Amateur aircraft builders, like Francis Marlier of the ULM Club in Alsace, France who recently converted his Exelec to a Sunexelec with the addition of solar cells, are always looking for reasonable options for powering their airplanes. Perhaps they could turn to fuel cells as a range extender. Several motor scooter makers are bringing out fuel-cell powered models that show some promise despite limited performance and high prices so far.
Intelligent Energy, an English company, demonstrated a fuel cell scooter in 2005, and a number of aircraft developers, including Boeing, have crafted fuel-cell-powered vehicles.
Intelligent Energy’s ENV was reportedly the world’s first purpose-built fuel cell motorbike, and Top Gear’s James May enjoyed the quiet ride, if only moderately endorsing the bike’s sedate performance.
Intelligent Energy’s entry for the Make It in Great Britain exhibit at the Science Museum gives a brief overview of proton exchange membrane fuel cell technology. “This award winning zero emission electric vehicle is powered by Intelligent Energy’s proprietary hydrogen PEM (proton exchange membrane) fuel cell technology. PEM fuel cells are electrochemical devices similar to batteries. Unlike batteries they do not require recharging, continuing to provide power as long as hydrogen fuel is provided.
“In a PEM fuel cell stack, hydrogen and oxygen from the air react at low temperature (80˚C) to produce electricity and water. Fuel cells are near silent, with few moving parts, and operate at high efficiencies, typically two to three times that of an internal combustion engine. This creates potential use in multiple sectors, from consumer electronics and stationary power to a wide range of automotive applications.”
These applications include London Taxis powered by hydrogen fuel cells, and used to shuttle visitors to the London Olympics about in particulate, pollution-free comfort.
Several aeronautical applications have also come to the fore in recent years.
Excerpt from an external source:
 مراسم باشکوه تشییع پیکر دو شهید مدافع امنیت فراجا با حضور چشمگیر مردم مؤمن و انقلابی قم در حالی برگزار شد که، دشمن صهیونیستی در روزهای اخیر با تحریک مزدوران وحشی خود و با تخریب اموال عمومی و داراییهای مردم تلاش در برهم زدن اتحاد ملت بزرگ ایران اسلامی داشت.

The first was the 2008 Boeing Fuel Cell Demonstrator Airplane, described in a paper of that name supplied by Michael Friend, Technical Director for Boeing and a speaker at the Electric Aircraft Symposium.
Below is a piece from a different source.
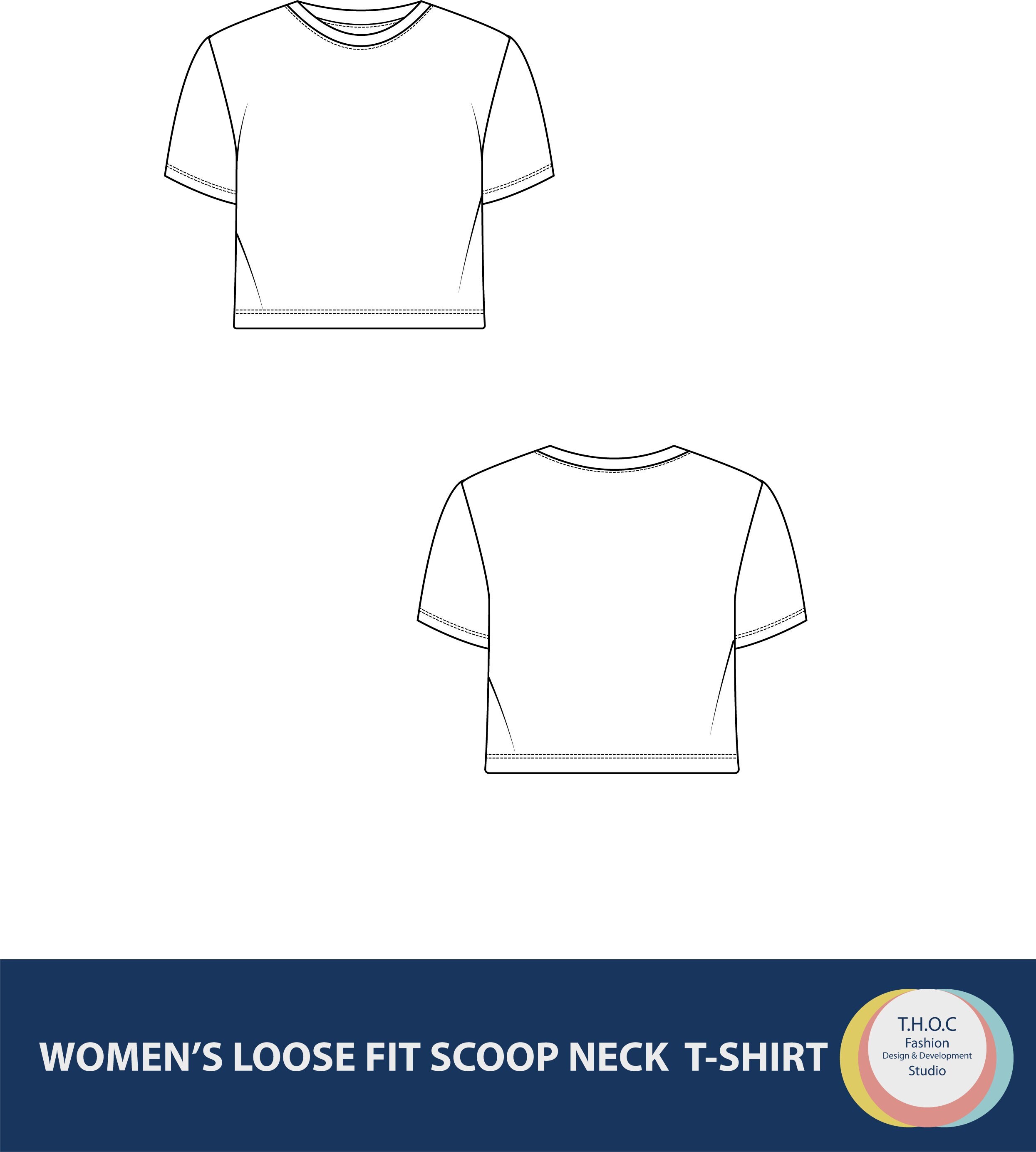 Digital fashion flat women's loose fit scoop neck t-shirt. Invaluable resources for your clothing co...

Using an Austrian HK36 Super Dimona motorglider, researchers replaced the Rotax engine and its fuel tank with a UQM electric motor, batteries, 35,000 kiloPascal (5,076 pounds per square inch) hydrogen tank, and a thermal management system consisting of a fuel cell intercooler, condenser, and motor radiator.
The airplane took off on battery power, which allowed a rate of climb (1.7 meters per second – 335 feet per minute) greater than the European motorglider minimum requirement of 1.5 meters per second. Once airborne and at a safe cruising altitude, the airplane switched to fuel cell power for about 20 minutes. This allowed level flight at about 100 kilometers per hour (62 mph) and demonstrated the feasibility of using proton exchange membrane fuel cells to power aircraft.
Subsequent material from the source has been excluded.